Thank you Lisa Malcolm for the provocation to write more about how to give good feedback – here are some of my thoughts, although I am sure you (and others) will have more to add …
First, all feedback will provoke a reaction. For example, Lisa commented on one of my LinkedIn posts, talking about the importance of giving feedback, suggesting that I (someone) talk more about how to give it, acknowledging that we all know it’s needed.
My reaction was – gosh, Lisa’s right. Knowing feedback is important to give is one thing, understanding how to offer it is quite another.
Kubler Ross explored the impacts of change in grief depicted through her Grief Cycle or Change Curve image:
What’s important to know is that we all, whether receiving positive or development feedback, will visit some or all of these points on the curve. Some of us process fast and whiz through the stages quickly coming to acceptance easily; some of us take longer (minutes, hours, days and even months) to go through the same process. Others of us rock back and forth between stages making progress and then retrenching into pockets of doubt and reflection. This model helps us understand what may be going on for a receiver of feedback - it most certainly is not a one size fits all guide. Feedback givers therefore need to become friends with being patient, allowing space for others to process as they need to, not as we might like or want them to – even if that desire for someone to ‘get over’ or through their journey of processing may come from a loving place.

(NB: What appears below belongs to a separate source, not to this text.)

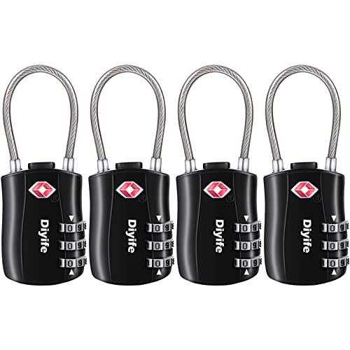 Diyife TSA Luggage Locks, [Newest Version][4 Packs] 3-Digit Security Padlock, Combination Padlocks, Code Lock for Travel Suitcases Luggage Bag Case etc.(Black)

In giving feedback there are things to avoid and things to consider. Being properly and thoroughly prepared is paramount. After all, all feedback is a gift … especially so when it has been thoughtfully chosen, beautifully wrapped, and offered with a gift receipt … (more on this later!).

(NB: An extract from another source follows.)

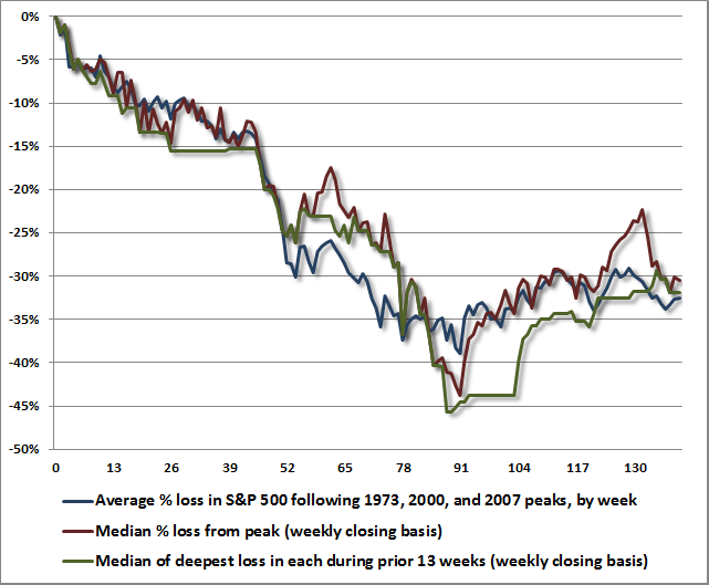The road to current extremes has been as challenging for investors who understand valuation and financial history as it has been glorious for investors who do not. I’ve tried to be very open about my own stumble in the half-cycle since 2009, when my insistence on stress-testing our methods of classifying market return/risk profiles against Depression-era data (following a financial collapse that we fully anticipated) produced an initial miss and additional knock-on effects that we finally resolved in mid-2014. The central problem was that in prior cycles across history, the emergence of a syndrome of extreme overvalued, overbought, overbullish conditions was typically either accompanied or closely followed by a deterioration in market internals, so the methods that came out of our stress testing encouraged us to take a hard-defensive stance immediately. The one thing that quantitative easing did to make the recent half-cycle legitimately “different” from history was that the Fed intentionally encouraged continued yield-seeking speculation even after those syndromes emerged. Since 2009, it has only been when market internals actually deteriorated (e.g. 2011) that stocks have followed by losing ground. Still, the main benefit of a stumble is to learn the right lesson. The central lesson of the half-cycle advance since 2009 is not that Fed easing creates a “put option” for the market. We know from history – even from the two market collapses since 2000 – that this simply isn’t true. Rather, the central lesson is that in the face of intentional Fed-driven yield-seeking speculation, one had to wait until market internals actually deteriorated before taking a hard-defensive outlook. Pre-emptive action on the basis of even the most extreme overvalued, overbought, overbullish conditions was ineffective, in hindsight. A century of evidence validates this lesson: what distinguishes an overvalued market that continues higher from an overvalued market that collapses is the attitude of investors toward risk; and the most reliable measure of investor risk-attitudes is the behavior of market internals. In mid-2014, we imposed the requirement that market internals or credit spreads must actually deteriorate in order to establish a hard-defensive market outlook. That adaptation restored the same features that were responsible for our long success prior to that 2009 stress-testing decision. In contrast, we see no evidence at all that investors have learned a thing from the two 50% market collapses since 2000, and it’s not at all clear that they’ve learned a thing from other collapses across history either. If they did, investors would recognize that compared with most of the bull market period since 2009, market internals no longer convey risk-seeking preferences among investors. Again, when investors are risk-seeking, as conveyed by the behavior of market internals, overvalued markets simply tend to become more overvalued. When internals break down following a period of overvalued, overbought, overbullish conditions, those same markets have become vulnerable to deep collapses. Market internals are equally important on the downside. The legendary value investor Benjamin Graham lost 65% of his assets during the market collapse of the Great Depression, even after stocks had retreated to historically reasonable valuations, while economist John Maynard Keynes was devastated during the same period as a result of buying stocks on margin (an overuse of leverage that prompted his famous observation “the market can remain irrational longer than you can stay solvent”). By our analysis, both Graham and Keynes could have avoided those stumbles had they recognized the dismal state of market internals at the time, rather than acting on the basis of valuation alone. Compared with post-war data, one needed very robust measures of market internals during the Depression to avoid interim losses, even after valuations became favorable. The same lesson was true in late-October 2008. Fools are content to criticize the stumbles of others. The wise make an effort to learn from them. When market internals are uniformly favorable, “buy the dip” is often a reliable strategy, because even extremely overvalued markets tend to be resilient provided that investors are strongly inclined toward risk-seeking. When market internals have deteriorated, it’s a signal that investors are shifting toward greater selectivity and risk aversion. You’ll still find bulls, of course – there has to be a buyer for every stock that is sold – and one can rely on the talking heads of financial television to be most arrogant toward skeptics at the very top of the market. But examine periods where overvaluation has been met by deterioration in market internals, and you’ll repeatedly find that persisting in a “buy the dip” mentality leads speculators to accumulate the very stock that the smarter money is getting rid of before a crash. While our measures of market internals include a rich breadth of considerations, the essential feature is to capture the behavior of numerous individual stocks, industries, sectors and security types. When investors are risk-seeking, they tend to be risk-seeking in everything, so increased selectivity is a warning sign. Currently, fewer than half of all stocks are above their 200-day moving averages, for example. Last week, I shared Bill Hester’s observation that when weak participation has been accompanied by rich valuations, scarce bearish sentiment, and recent market highs, the number of instances narrow to some of the worst points in history to invest. I noted in last week’s comment that it’s rare for the S&P 500 to register a new high when more than 40% of its components are already in a downtrend. When weak participation, rich valuations and scarce bearish sentiment accompanied a record high in the same week, the handful of instances diminish to surround the precise market hi

Feedback receiving – things to know
When receiving feedback know that you will be impacted. Because of this, it’s important to take time to process. So, there’s only one response to give to feedback … yep, only one!
To say Thank You!
Then, allow yourself time to process the information and reflect on whether there is merit in what has been offered to you. If there is and there’s learning in there for you – take it, absorb the message, act on it, develop yourself, do more of that great thing, do less of that awkward thing, buy more things in that colour! If it’s really not resonant to you, employ the power of the metaphorical gift receipt – and let the gift go.
Not all feedback is fact. Sometimes it can be an opinion; a perception (sure another’s reality although not necessarily our own, or even accurate); a projection (we react most strongly in others to those things we dislike in ourselves).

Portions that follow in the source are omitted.